Records from a data collection:
+---+

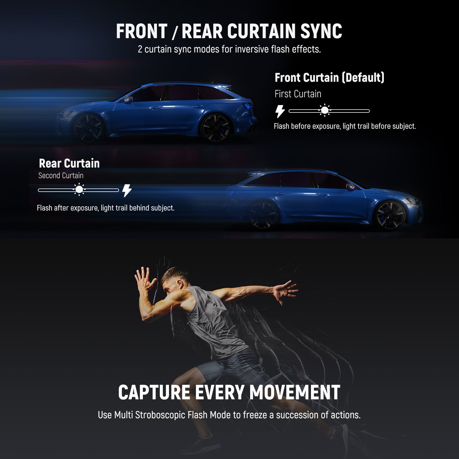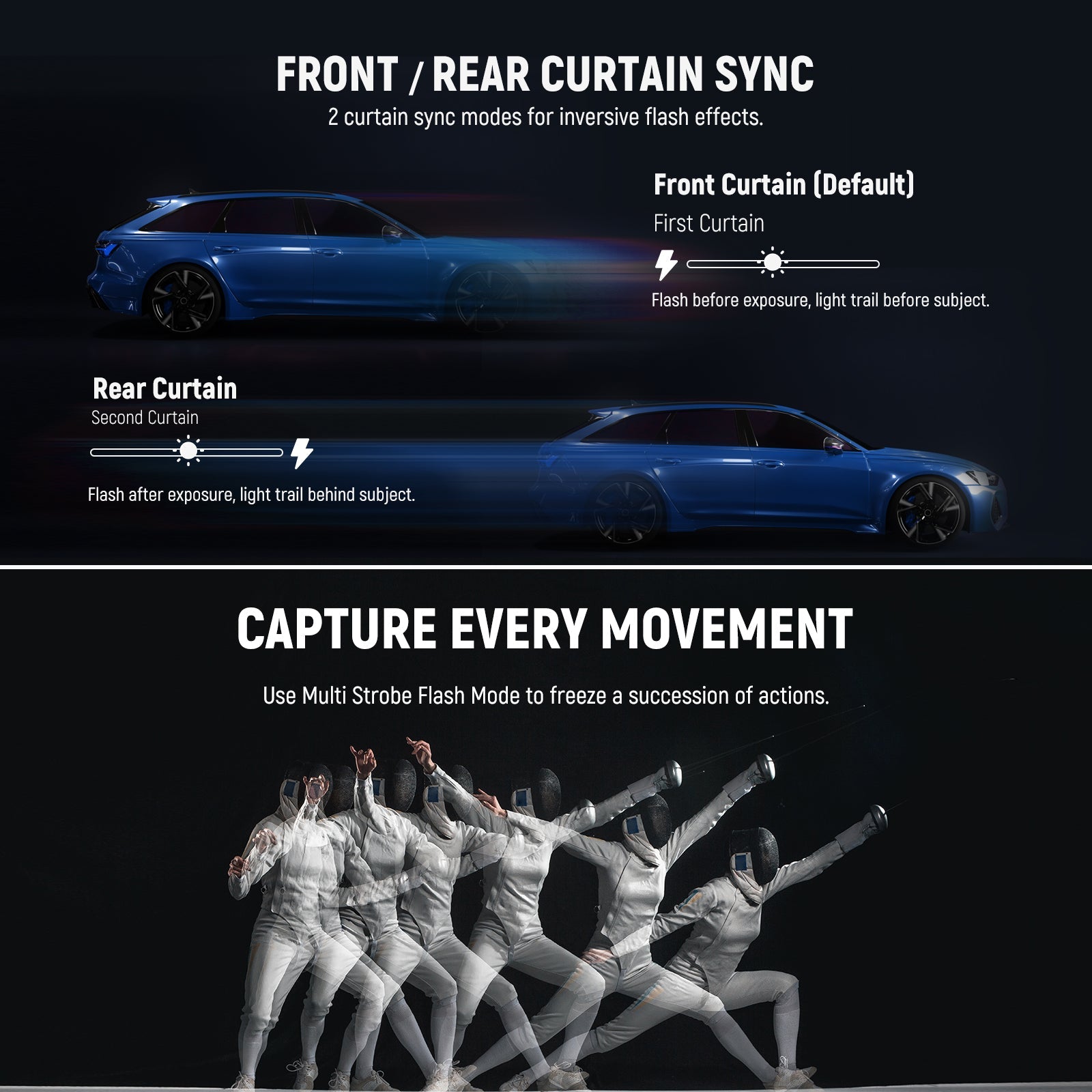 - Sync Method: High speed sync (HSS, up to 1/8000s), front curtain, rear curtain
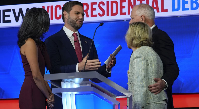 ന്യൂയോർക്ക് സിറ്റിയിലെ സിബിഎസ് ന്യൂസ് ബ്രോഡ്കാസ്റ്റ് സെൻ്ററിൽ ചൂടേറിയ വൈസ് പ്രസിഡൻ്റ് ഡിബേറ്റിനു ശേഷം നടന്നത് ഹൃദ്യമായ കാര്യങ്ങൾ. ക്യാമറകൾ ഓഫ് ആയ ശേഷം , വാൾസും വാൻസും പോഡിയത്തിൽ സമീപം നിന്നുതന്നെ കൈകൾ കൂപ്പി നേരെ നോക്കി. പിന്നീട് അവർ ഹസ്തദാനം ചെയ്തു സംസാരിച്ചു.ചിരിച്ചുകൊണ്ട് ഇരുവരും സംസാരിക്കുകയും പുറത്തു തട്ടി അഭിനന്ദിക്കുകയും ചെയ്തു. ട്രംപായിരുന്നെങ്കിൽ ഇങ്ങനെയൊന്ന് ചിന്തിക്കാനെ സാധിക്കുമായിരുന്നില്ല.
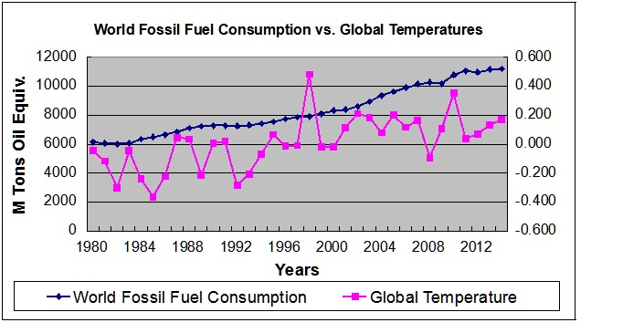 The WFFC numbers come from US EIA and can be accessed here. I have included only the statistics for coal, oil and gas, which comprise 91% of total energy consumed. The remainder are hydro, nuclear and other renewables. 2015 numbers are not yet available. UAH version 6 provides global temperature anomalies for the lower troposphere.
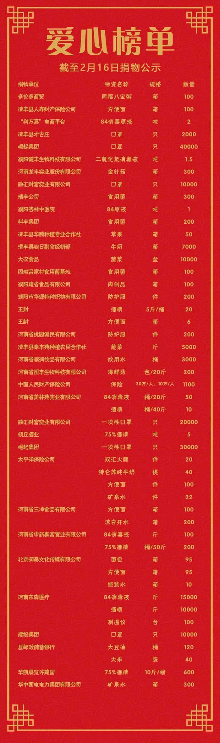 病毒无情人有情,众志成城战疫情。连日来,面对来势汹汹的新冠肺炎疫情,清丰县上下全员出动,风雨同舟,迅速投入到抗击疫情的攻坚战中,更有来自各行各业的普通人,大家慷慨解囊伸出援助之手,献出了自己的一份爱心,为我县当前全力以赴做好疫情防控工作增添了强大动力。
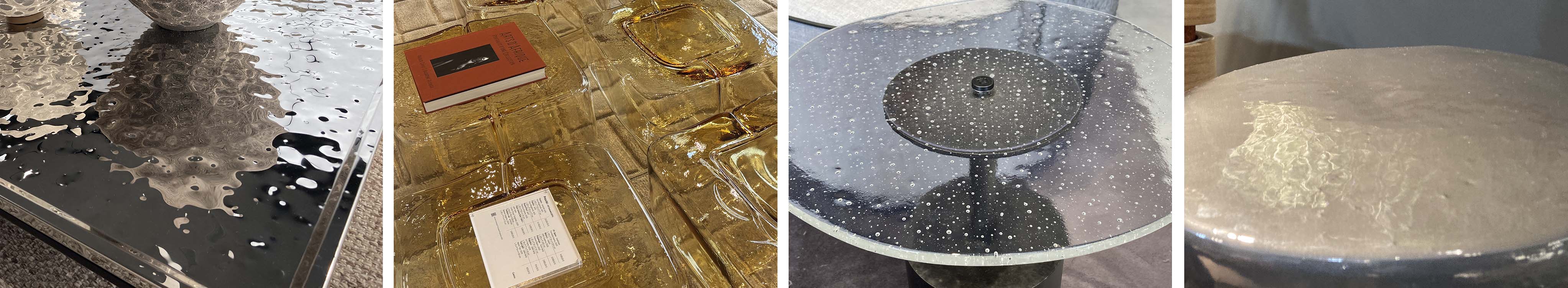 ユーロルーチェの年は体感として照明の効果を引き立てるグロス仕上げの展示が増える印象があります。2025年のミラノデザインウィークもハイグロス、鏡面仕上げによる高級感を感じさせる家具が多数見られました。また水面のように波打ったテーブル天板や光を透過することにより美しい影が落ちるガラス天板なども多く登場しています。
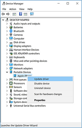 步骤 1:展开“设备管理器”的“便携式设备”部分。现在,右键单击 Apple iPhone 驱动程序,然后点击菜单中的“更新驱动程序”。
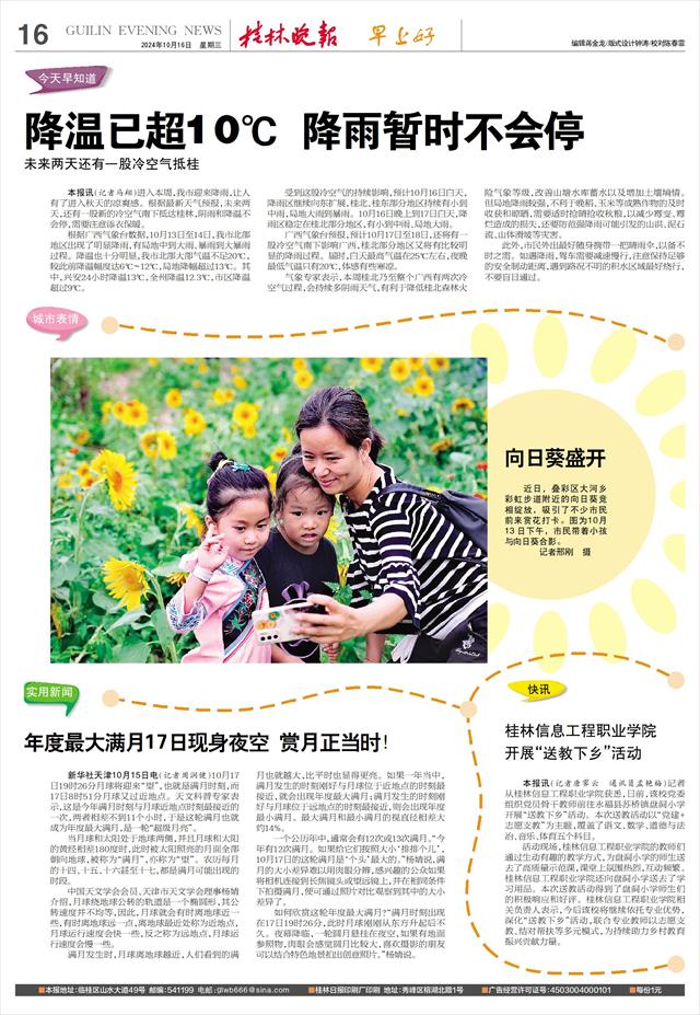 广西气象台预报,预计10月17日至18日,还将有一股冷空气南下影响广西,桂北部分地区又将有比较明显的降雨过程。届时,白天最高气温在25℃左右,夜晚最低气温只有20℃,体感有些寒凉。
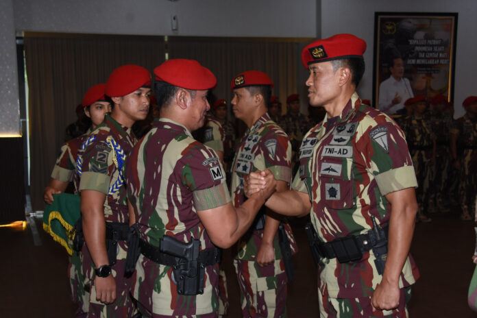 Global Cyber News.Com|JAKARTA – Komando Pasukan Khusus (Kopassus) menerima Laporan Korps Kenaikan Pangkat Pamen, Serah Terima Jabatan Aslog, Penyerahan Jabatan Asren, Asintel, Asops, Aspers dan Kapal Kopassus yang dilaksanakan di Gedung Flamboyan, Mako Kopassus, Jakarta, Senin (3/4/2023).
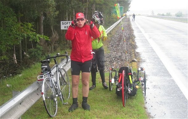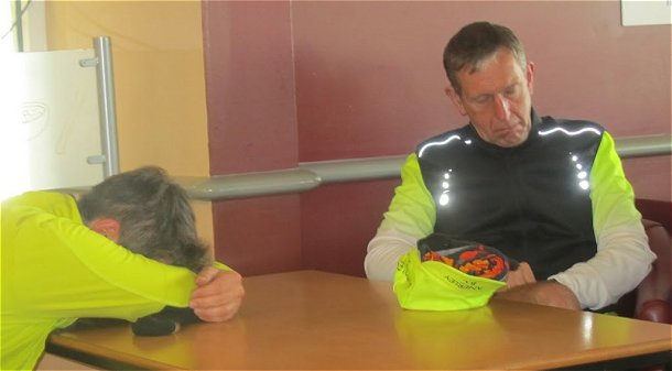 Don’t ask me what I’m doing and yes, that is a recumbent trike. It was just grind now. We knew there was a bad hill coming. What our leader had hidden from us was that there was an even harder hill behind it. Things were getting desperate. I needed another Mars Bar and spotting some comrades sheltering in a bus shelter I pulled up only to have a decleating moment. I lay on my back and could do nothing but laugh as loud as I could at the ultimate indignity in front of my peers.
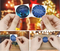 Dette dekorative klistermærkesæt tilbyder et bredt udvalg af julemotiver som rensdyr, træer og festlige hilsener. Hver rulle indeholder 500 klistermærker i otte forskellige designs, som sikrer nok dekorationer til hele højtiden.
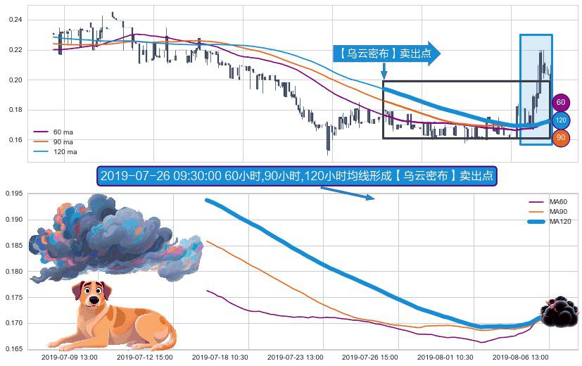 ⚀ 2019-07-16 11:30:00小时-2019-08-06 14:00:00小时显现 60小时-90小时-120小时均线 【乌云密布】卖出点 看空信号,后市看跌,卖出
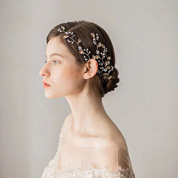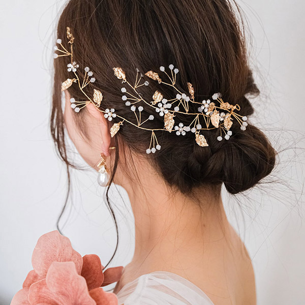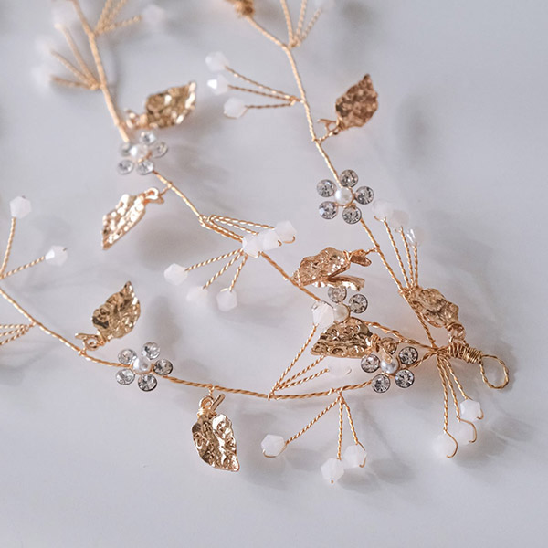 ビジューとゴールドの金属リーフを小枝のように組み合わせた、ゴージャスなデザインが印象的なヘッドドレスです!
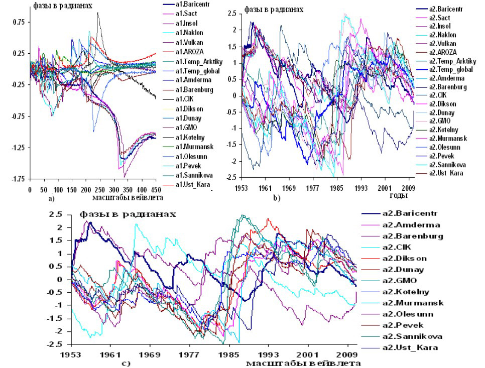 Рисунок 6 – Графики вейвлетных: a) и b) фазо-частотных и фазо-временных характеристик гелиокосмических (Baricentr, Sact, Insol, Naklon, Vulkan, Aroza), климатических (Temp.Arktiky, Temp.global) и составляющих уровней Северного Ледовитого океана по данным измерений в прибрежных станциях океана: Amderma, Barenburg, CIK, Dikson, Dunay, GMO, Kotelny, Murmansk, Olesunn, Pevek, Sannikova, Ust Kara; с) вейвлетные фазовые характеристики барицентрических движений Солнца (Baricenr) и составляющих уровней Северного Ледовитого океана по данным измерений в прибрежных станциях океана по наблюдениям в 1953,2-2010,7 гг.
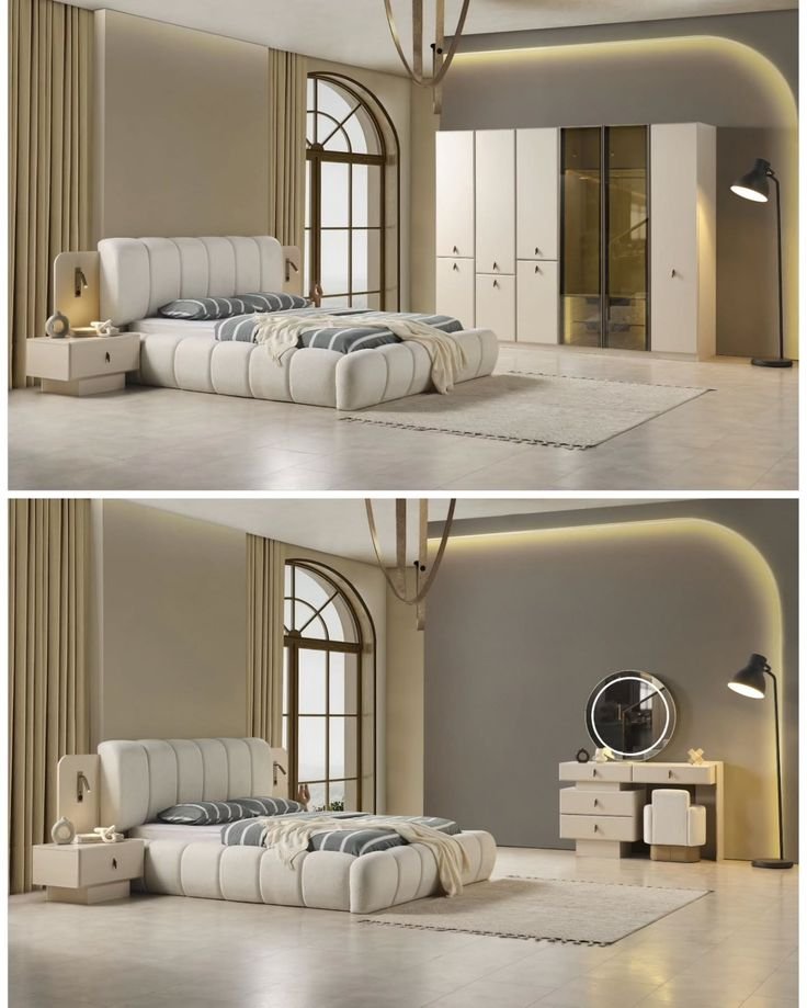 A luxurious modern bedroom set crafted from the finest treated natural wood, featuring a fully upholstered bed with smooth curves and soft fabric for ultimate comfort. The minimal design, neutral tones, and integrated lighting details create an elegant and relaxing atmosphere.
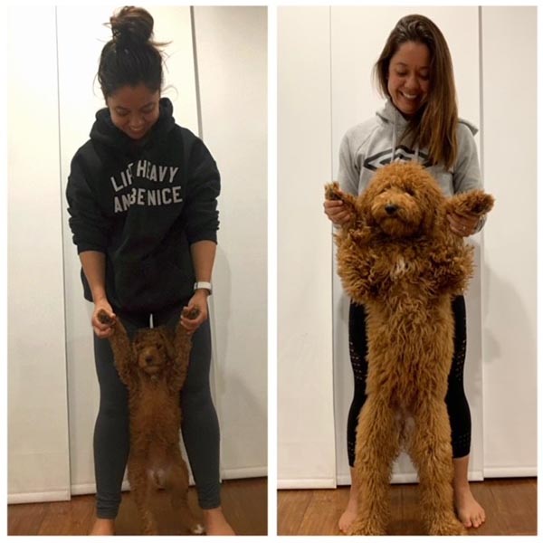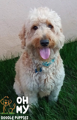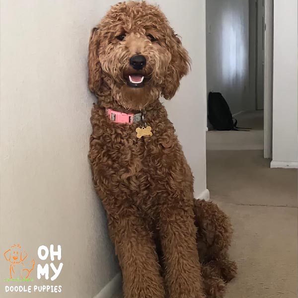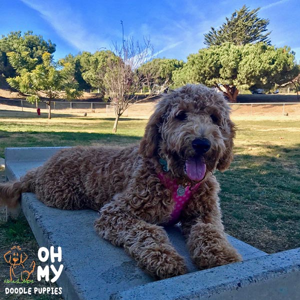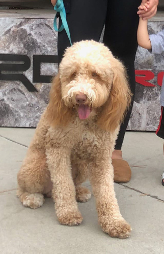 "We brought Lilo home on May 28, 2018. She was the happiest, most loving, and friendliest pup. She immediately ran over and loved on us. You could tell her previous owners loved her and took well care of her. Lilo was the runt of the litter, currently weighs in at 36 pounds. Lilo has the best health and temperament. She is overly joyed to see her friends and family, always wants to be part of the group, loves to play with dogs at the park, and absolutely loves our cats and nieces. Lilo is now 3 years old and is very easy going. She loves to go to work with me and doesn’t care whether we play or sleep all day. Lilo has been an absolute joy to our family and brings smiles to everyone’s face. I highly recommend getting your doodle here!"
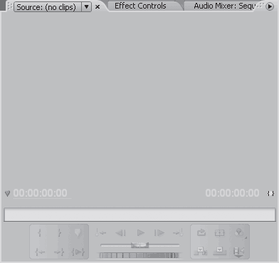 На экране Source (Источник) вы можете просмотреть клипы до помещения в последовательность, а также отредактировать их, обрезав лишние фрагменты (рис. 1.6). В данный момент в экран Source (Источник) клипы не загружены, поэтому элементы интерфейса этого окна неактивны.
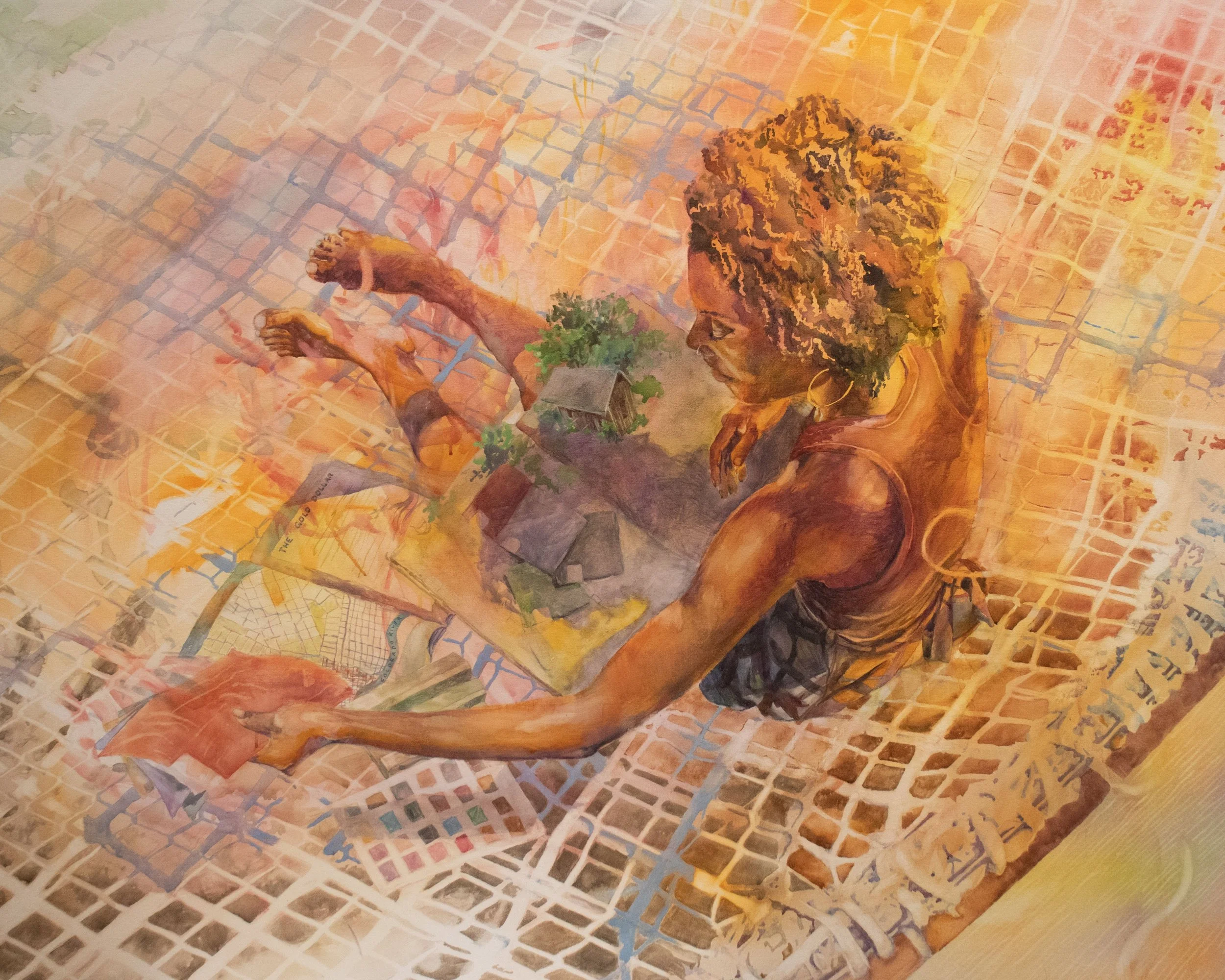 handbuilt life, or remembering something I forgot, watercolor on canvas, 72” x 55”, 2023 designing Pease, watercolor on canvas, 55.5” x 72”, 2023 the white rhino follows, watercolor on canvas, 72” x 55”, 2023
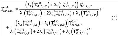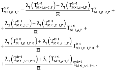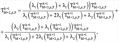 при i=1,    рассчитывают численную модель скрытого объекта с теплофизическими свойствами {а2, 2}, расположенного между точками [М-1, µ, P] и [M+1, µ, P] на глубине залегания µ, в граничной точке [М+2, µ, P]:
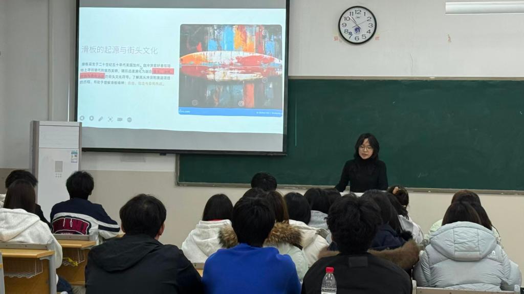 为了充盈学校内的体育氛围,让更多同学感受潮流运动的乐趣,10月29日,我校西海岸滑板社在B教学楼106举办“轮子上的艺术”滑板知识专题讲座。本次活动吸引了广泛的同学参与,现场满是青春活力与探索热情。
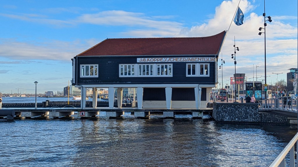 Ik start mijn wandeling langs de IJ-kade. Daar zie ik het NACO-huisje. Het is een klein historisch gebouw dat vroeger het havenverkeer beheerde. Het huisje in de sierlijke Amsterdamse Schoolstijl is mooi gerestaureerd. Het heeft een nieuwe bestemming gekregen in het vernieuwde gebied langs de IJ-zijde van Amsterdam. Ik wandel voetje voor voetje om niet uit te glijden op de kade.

+---+

- DIRECTIONS: Print nothing but the lines above starting with the line that contains "Global Cyber News.Com|JAKARTA" and going on through the line that contains "Don’t ask me". Leave out the pictures.

- RESPONSE TO THE EXERCISE:
 Global Cyber News.Com|JAKARTA – Komando Pasukan Khusus (Kopassus) menerima Laporan Korps Kenaikan Pangkat Pamen, Serah Terima Jabatan Aslog, Penyerahan Jabatan Asren, Asintel, Asops, Aspers dan Kapal Kopassus yang dilaksanakan di Gedung Flamboyan, Mako Kopassus, Jakarta, Senin (3/4/2023).
 Don’t ask me what I’m doing and yes, that is a recumbent trike. It was just grind now. We knew there was a bad hill coming. What our leader had hidden from us was that there was an even harder hill behind it. Things were getting desperate. I needed another Mars Bar and spotting some comrades sheltering in a bus shelter I pulled up only to have a decleating moment. I lay on my back and could do nothing but laugh as loud as I could at the ultimate indignity in front of my peers.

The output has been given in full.